Во главе троих куманьков шествовал Инносан Дьебальфей, долговязый старик, похожий на «новогоднюю метлу»[44]44
«Новогодняя метла» – метла на длинной палке для большой уборки (прим. автора).
[Закрыть], с жесткими рыжими волосами и взлохмаченной рыжей бородой. Застарелый ревматизм согнул его, искривил поясницу; маленькие и юркие карие глазки горели хитростью и лукавством. Круглый и гладкий, будто отполированный, нос свидетельствовал о том, что его обладатель был когда-то лихим плясуном, весельчаком и гулякой, каковым, впрочем, и остался до старости лет. У Инносана Дьебальфея был крохотный участок, засеянный маисом и другими злаками, недалеко от хижины генерала Мирасена, возле родника О-Момбен. Двое других шагали следом – в таких же, как у Инносана, синих блузах и синих штанах. Аристиль Дессен был маленький человечек с желчным лицом, готовый наброситься на каждого, кто посмеет назвать его коротышкой.

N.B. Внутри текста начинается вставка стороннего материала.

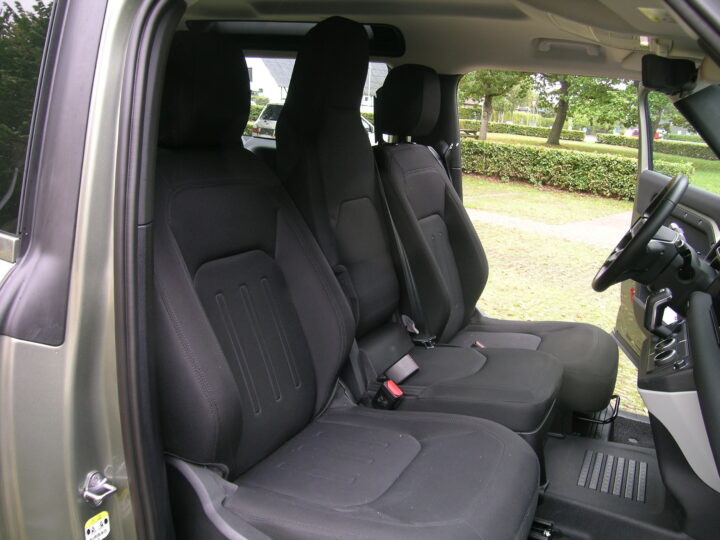Land Rover ønskede også at vise, at man kan gøre bilen til en 6-personers. Det gør man ved at indsætte et ekstra sæde på forreste række, og helt ærligt. Man skal virkelig have et behov, før man gør noget så drastisk ved bilen. Det højtplacerede midtersæde koster både en velfungerende midterkonsol, men det er konstant og hele tiden i vejen. Så meget, at man føler sig lidt klemt i førersædet, så nok engang, spar de 6000 kr der koster, at smække et midtersæde ind på forreste række i en kort Defender. Det er og bliver en nødløsning. Især når der er passager i sædet.

С болтающимся у пояса мачете, переваливаясь с боку на бок и подпрыгивая на своих искусанных клещами ногах, он точно спешил выложить перед генералом целый мешок новостей. Вот говорун! Он даже соперничал немного с «геалом» Мирасеном по части хвастливых историй – ведь когда-то он в приступе яростного гнева взял старое ружье, спрятанное на чердаке, как у каждого доброго гаитянина в те времена, и уложил на месте одного наглеца-янки, солдата морской пехоты. После чего присоединился к вооруженному отряду патриотов Шарлеманя Перальта и долгие годы принимал участие во всех смелых вылазках партизан.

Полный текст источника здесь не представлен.